# Principal Component Analysis using the Iris Dataset

[![Open in Layer](https://development.layer.co/assets/badge.svg)](https://app.layer.ai/douglas_mcilwraith/iris-pca/) [![Open in Colab](https://colab.research.google.com/assets/colab-badge.svg)](https://colab.research.google.com/github/layerai/examples/blob/main/pca-iris/iris-pca.ipynb) [![Layer Examples Github](https://badgen.net/badge/icon/github?icon=github&label)](https://github.com/layerai/examples/tree/main/pca_iris)
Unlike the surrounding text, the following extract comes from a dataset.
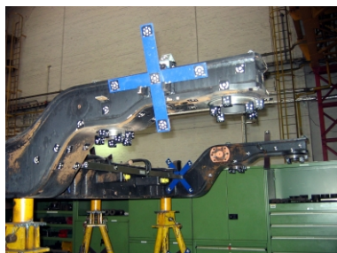
➤ Signalized bogie

In order to be able to measure the relevant points, the bogie is furnished with two steel scale bars and a reference cross, to give the measuring system dimensional scale and orientation. Then the geometric features to be analyzed, such as bore holes, edges or planes, are targeted with AICON “dice” - cube shaped adapters. For each bogie, between 60 and 80 adapters are necessary.

We use the iris dataset to perform Principal Component Analysis (PCA). PCA is performed and the first two components are used to plot the iris data in two dimensions (down from the original four). We make use of `layer.log()` to plot the resultant graph under the associated resources for this model, this can be found [here](https://app.layer.ai/douglas_mcilwraith/iris-pca/models/iris-pca): 

Some code used with permission from: Douglas McIlwraith, Haralambos Marmanis, and Dmitry Babenko. 2016. Algorithms of the Intelligent Web (2nd. ed.). Manning Publications Co., USA.

In [None]:
!pip install layer -U

In [None]:
import layer
layer.login()

In [None]:
layer.init("iris-pca")

In [None]:
import numpy as np
import pandas as pd

from layer.decorators import model, dataset

from sklearn import decomposition
from sklearn import datasets

from itertools import cycle
import matplotlib.pyplot as pl

In [None]:
iris = datasets.load_iris()
iris_df = pd.DataFrame(data= np.c_[iris['data'], iris['target']], columns= iris['feature_names'] + ['target'])    

@dataset("iris-data")
def build():
    return iris_df

layer.run([build])

In [None]:
df_iris = layer.get_dataset("iris-data").to_pandas()
df_iris_X = df_iris.drop(columns=['target'])
df_iris_Y = df_iris['target']

In [None]:
@model("iris-pca")
def train():
    pca = decomposition.PCA(n_components=2)
    pca.fit(df_iris_X)
    
    targets = range(len(list(df_iris_Y.unique())))
    colors = cycle('rgb')
    markers = cycle('^+o')

    X = pca.transform(df_iris_X)

    for target,color,marker in zip(targets,colors,markers):
        pl.scatter(X[df_iris_Y==target,0],X[df_iris_Y==target,1],label=targets[target],c=color,marker=marker)
        pl.legend()
        
    layer.log({"PCA on iris":pl})
    
    return pca

layer.run([train])